Именно смотрели. Были они темные и выглядели ярким пятном на белом лице. Темные губы кривились в наглой ухмылке. Рука с палочкой была вытянута в сторону выключателя. Легкий нажим, и все вокруг исчезло. Остался белый силуэт статуи, да от яркого света перед глазами Платона танцевали разноцветные бабочки-искры.
Свет загорелся.
До Платона дошла страшная правда.
– Тебя же разбили! – еле слышно прошептал он.

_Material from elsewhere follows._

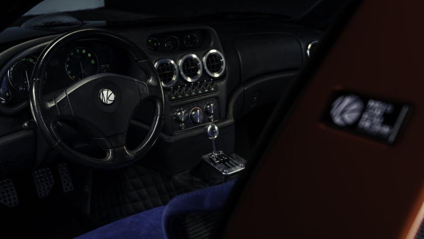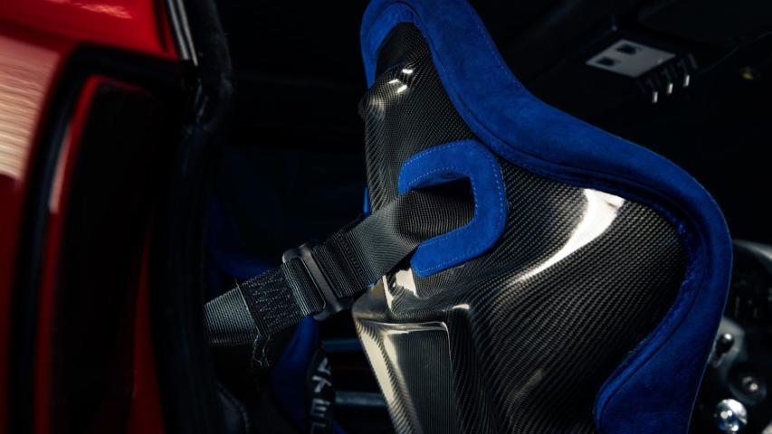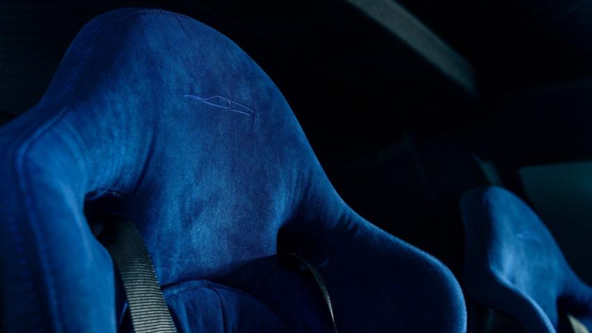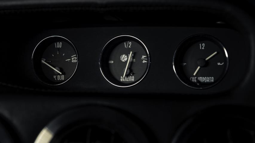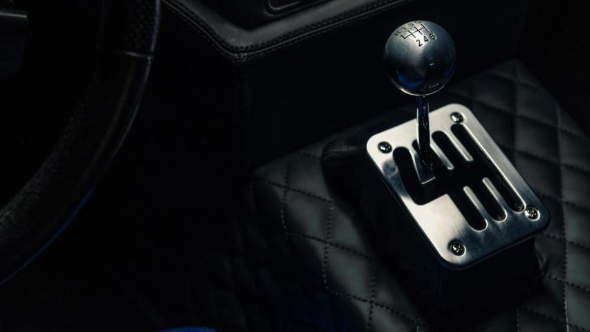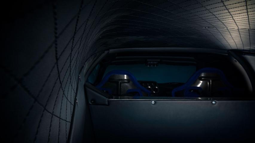 The Breadvan Hommage features a handmade interior. The iconic outline of the exterior design has been embroidered into the blue Alcantara carbon fibre backed seats. The monogram can also be found on the dials, all 7 boasting pure silver inlays. The clock says: ‘che importa’. Italian for ‘who cares!’ All switchgear is made out of milled aluminium, linking to the gated shifter, which is set on a raised block. The driver is surrounded by quilted black leather: it can be found on the centre console, the lower door cards and the headliner. The door panels feature an unpainted, hand beaten aluminium element, which links to the custom body, made in the exact same way. A small embroidered Italian flag in the corner of the aluminium insert is highlighting the roots of the vehicle. The door is opened through pulling a lightweight red cord, whilst a blue Alcantara insert functions as a grab handle to close it.
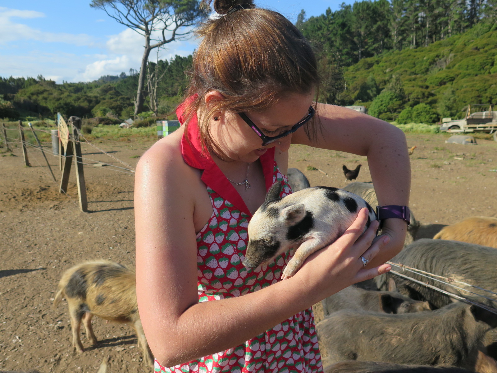 Along the drive back to the campsite we stopped to feed some random pigs…as you do. There was a tiny baby, so of course I had a hold! It was about two weeks old!

– Разбили. Но не меня, а ту, другую. А я лежу, закопанная под крестом.
С этими словами барабанщица резко приблизила свое лицо к лицу вожатого, и они оба растаяли во вновь наступившей темноте.
Увидев это, Глебов чуть не слетел с подоконника.
Как открыть фрамугу, они придумали давно, и вот сейчас, распахнув окно, внимательно следили за передвижениями вожатого. Что происходило под козырьком, было не очень хорошо видно. Платон постоял там какое-то время, потом замигал свет и на крыльце возникла статуя. Они обменялись двумя фразами и растворились в резко наступившей темноте.
Серега схватил опасно покачнувшегося приятеля за пятку и втащил в палату. Глебов больно врезался подбородком в батарею, лязгнул зубами и упал на пол.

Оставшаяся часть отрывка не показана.